Shortcuts

Source code for torch_tensorrt._compile

from __future__ import annotations

import collections.abc
import logging
from enum import Enum
from typing import Any, Callable, List, Optional, Sequence, Set

import torch
import torch.fx
from torch_tensorrt._enums import dtype
from torch_tensorrt._features import ENABLED_FEATURES
from torch_tensorrt._Input import Input
from torch_tensorrt.dynamo import _defaults
from torch_tensorrt.fx import InputTensorSpec
from torch_tensorrt.fx.lower import compile as fx_compile
from torch_tensorrt.fx.utils import LowerPrecision
from typing_extensions import TypeGuard

if ENABLED_FEATURES.torchscript_frontend:
    import torch_tensorrt.ts
    from torch_tensorrt.ts._compiler import compile as torchscript_compile
    from torch_tensorrt.ts._compiler import (
        convert_method_to_trt_engine as ts_convert_method_to_trt_engine,
    )

if ENABLED_FEATURES.dynamo_frontend:
    from torch.export import ExportedProgram
    from torch_tensorrt.dynamo._compiler import compile as dynamo_compile
    from torch_tensorrt.dynamo._compiler import (
        convert_module_to_trt_engine as dynamo_convert_module_to_trt_engine,
    )
    from torch_tensorrt.dynamo._tracer import trace as dynamo_trace

logger = logging.getLogger(__name__)

__all__ = ["compile", "convert_method_to_trt_engine", "save", "load"]

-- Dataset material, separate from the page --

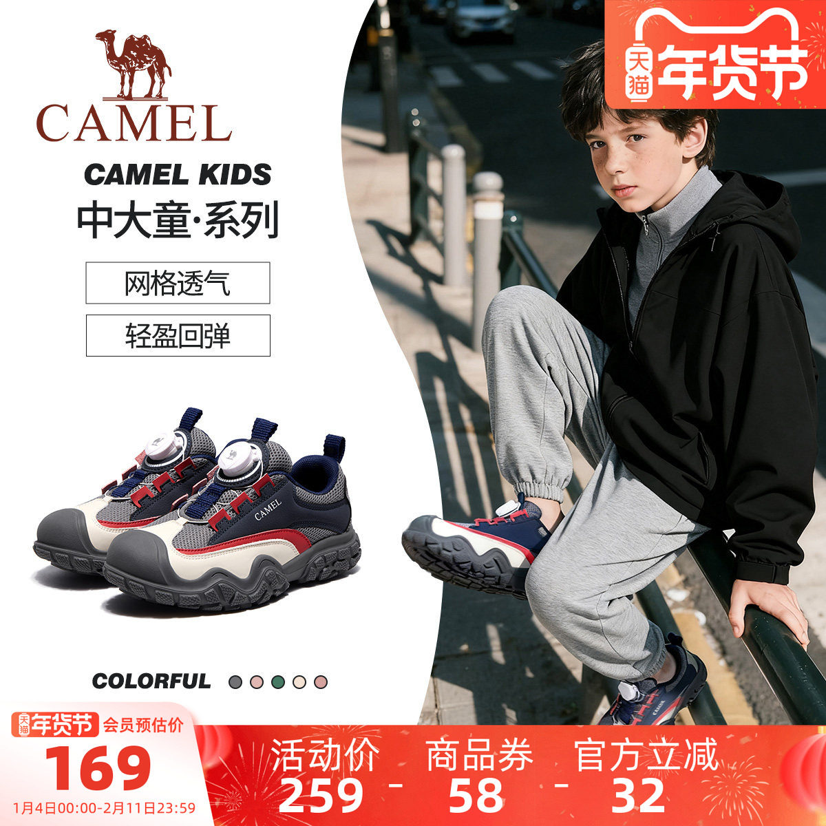 骆驼童鞋男童运动鞋2025新款跑步防滑鞋子中大童女童网面透气鞋

def _non_fx_input_interface(
    inputs: Sequence[Input | torch.Tensor | InputTensorSpec],
) -> TypeGuard[List[Input | torch.Tensor]]:
    return all(isinstance(i, (torch.Tensor, Input)) for i in inputs)


def _fx_input_interface(
    inputs: Sequence[Input | torch.Tensor | InputTensorSpec],
) -> TypeGuard[List[InputTensorSpec | torch.Tensor]]:
    return all(isinstance(i, (torch.Tensor, InputTensorSpec)) for i in inputs)


class _IRType(Enum):
    """Enum to determine the type of IR selected for model compilation"""

    ts = 0
    fx = 1
    dynamo = 2
    torch_compile = 3
    exported_program = 4


class _ModuleType(Enum):
    """Enum to determine the type of model provided as input"""

    nn = 0
    ts = 1
    fx = 2
    ep = 3


def _parse_module_type(module: Any) -> _ModuleType:
    if any(
        isinstance(module, t)
        for t in [torch.jit.ScriptModule, torch.jit.ScriptFunction]
    ):
        return _ModuleType.ts
    elif isinstance(module, torch.fx.GraphModule):
        return _ModuleType.fx
    elif isinstance(module, ExportedProgram):
        return _ModuleType.ep
    elif isinstance(module, torch.nn.Module):
        return _ModuleType.nn
    else:
        raise RuntimeError("Module is an unknown format")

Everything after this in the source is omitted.